> [ACTIVITY]:
Directions for the data below: repeat exactly the lines from the one with "咲き始めは花全体が白く、満開" through the one with "なめらかな落ち感が美しい、太めストレートシルエットのアート柄パンツ。", both included, and omit all pictures.
---------- DATA LISTING ----------
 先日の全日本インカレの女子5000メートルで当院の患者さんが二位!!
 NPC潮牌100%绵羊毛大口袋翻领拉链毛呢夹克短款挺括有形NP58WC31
----------
---------- DATA LISTING ----------
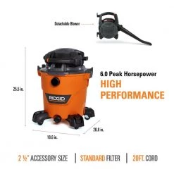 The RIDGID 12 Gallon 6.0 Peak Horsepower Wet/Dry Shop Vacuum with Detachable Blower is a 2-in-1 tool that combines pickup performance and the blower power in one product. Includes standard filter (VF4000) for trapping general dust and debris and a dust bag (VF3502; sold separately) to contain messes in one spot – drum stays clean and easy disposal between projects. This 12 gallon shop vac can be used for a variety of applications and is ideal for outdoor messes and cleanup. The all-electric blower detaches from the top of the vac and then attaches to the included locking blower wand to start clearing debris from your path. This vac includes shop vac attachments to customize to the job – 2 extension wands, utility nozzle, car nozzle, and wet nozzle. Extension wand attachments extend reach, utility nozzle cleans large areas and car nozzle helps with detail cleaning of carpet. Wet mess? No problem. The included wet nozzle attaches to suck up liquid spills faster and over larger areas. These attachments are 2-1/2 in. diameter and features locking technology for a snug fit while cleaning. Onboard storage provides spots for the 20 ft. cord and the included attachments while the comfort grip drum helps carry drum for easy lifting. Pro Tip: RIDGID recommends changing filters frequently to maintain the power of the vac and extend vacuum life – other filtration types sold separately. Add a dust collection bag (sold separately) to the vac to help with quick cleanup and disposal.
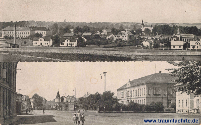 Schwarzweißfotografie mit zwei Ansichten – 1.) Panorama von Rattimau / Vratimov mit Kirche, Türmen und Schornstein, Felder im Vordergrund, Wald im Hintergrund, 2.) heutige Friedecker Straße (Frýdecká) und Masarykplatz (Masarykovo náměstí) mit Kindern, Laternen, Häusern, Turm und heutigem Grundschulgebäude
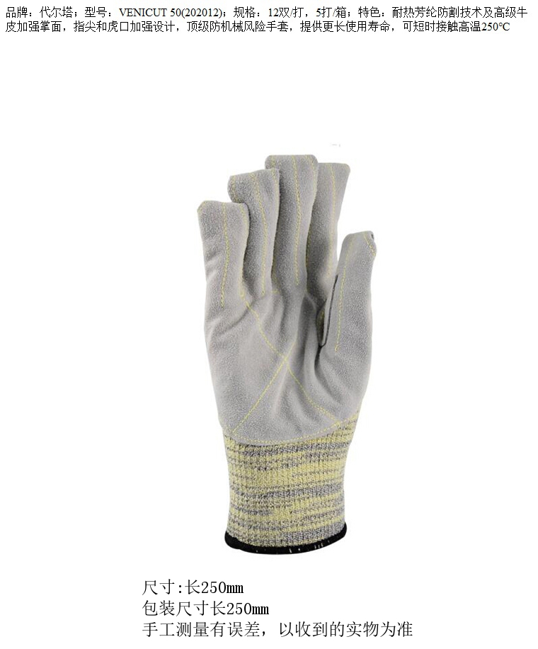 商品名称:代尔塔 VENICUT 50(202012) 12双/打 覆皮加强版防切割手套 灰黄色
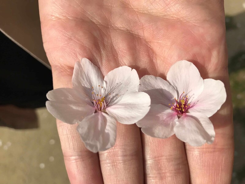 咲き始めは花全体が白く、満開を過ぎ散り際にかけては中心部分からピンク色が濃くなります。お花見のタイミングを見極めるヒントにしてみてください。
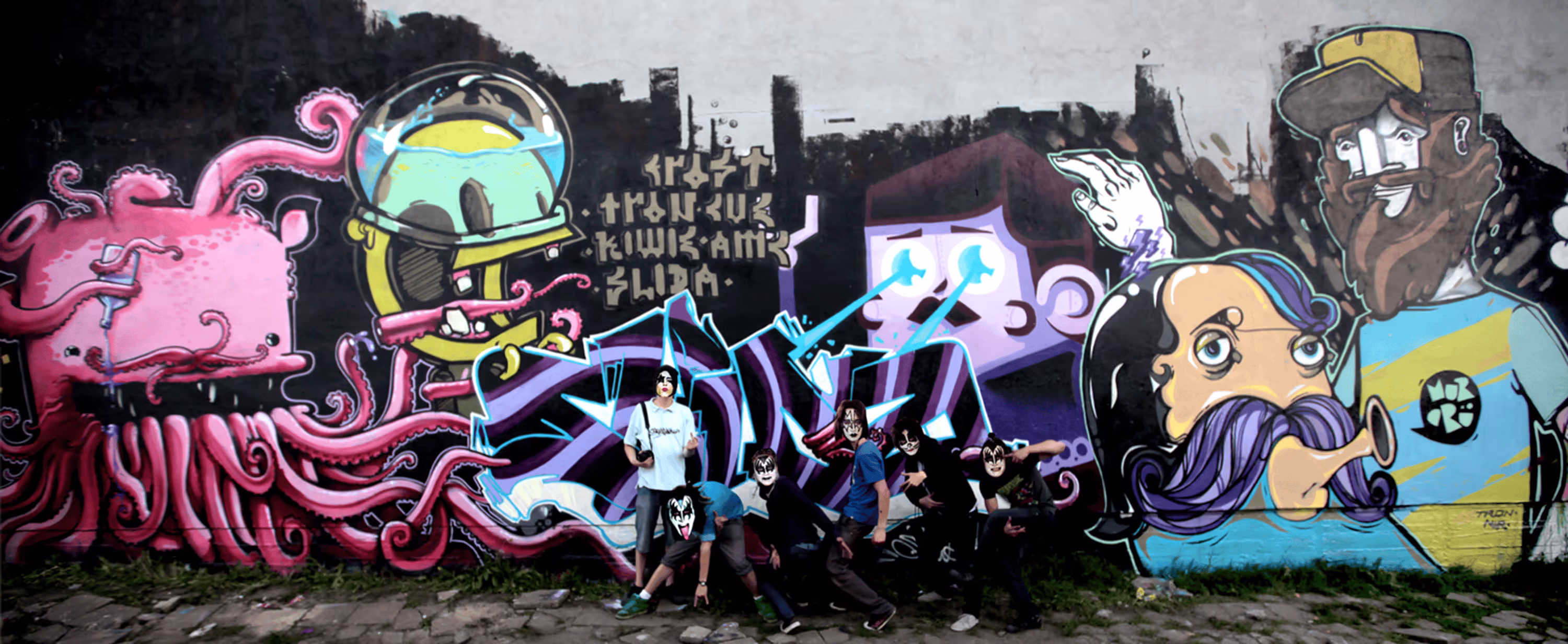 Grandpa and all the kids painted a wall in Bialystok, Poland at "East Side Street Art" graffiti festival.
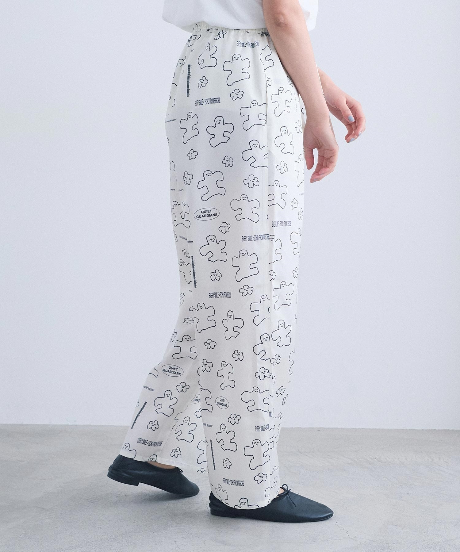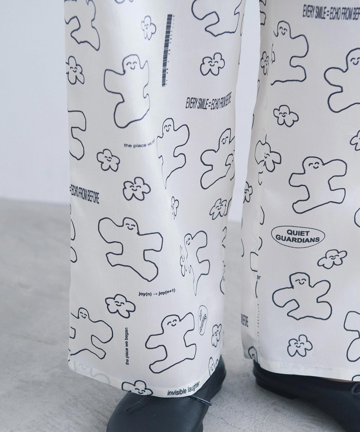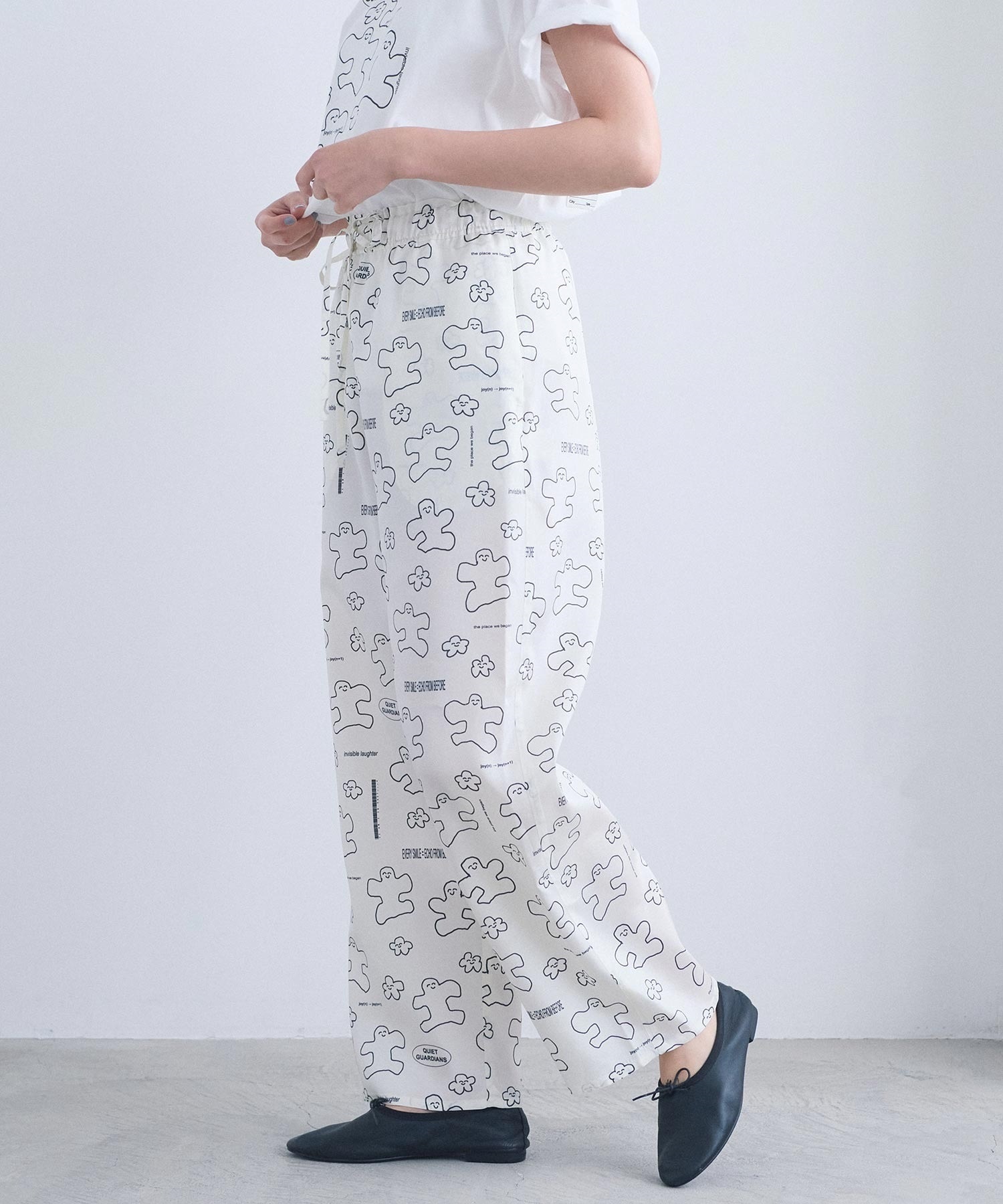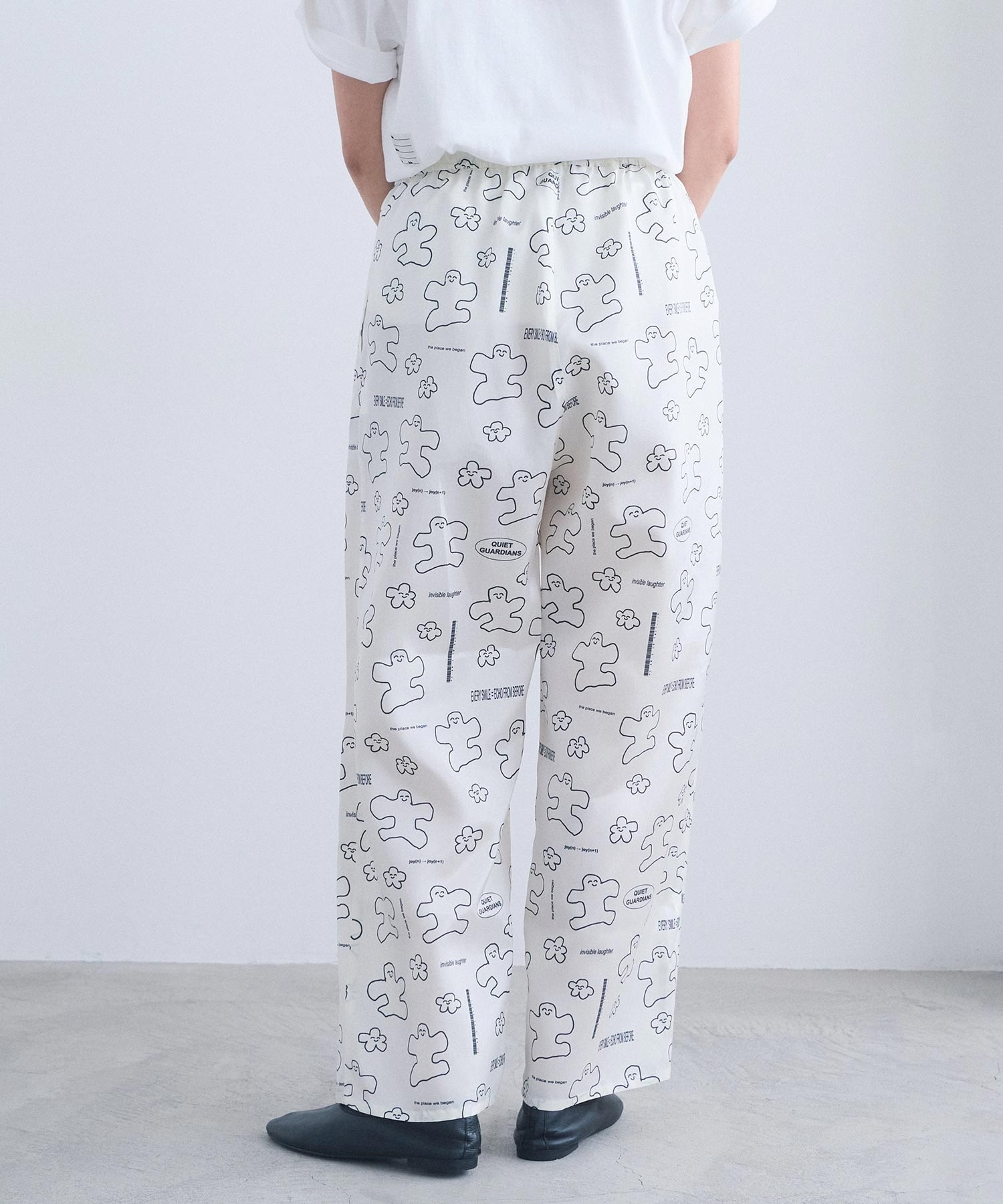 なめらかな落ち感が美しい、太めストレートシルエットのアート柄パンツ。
----------
> [RESULT FOR THIS EXERCISE]:
 咲き始めは花全体が白く、満開を過ぎ散り際にかけては中心部分からピンク色が濃くなります。お花見のタイミングを見極めるヒントにしてみてください。
 Grandpa and all the kids painted a wall in Bialystok, Poland at "East Side Street Art" graffiti festival.
 なめらかな落ち感が美しい、太めストレートシルエットのアート柄パンツ。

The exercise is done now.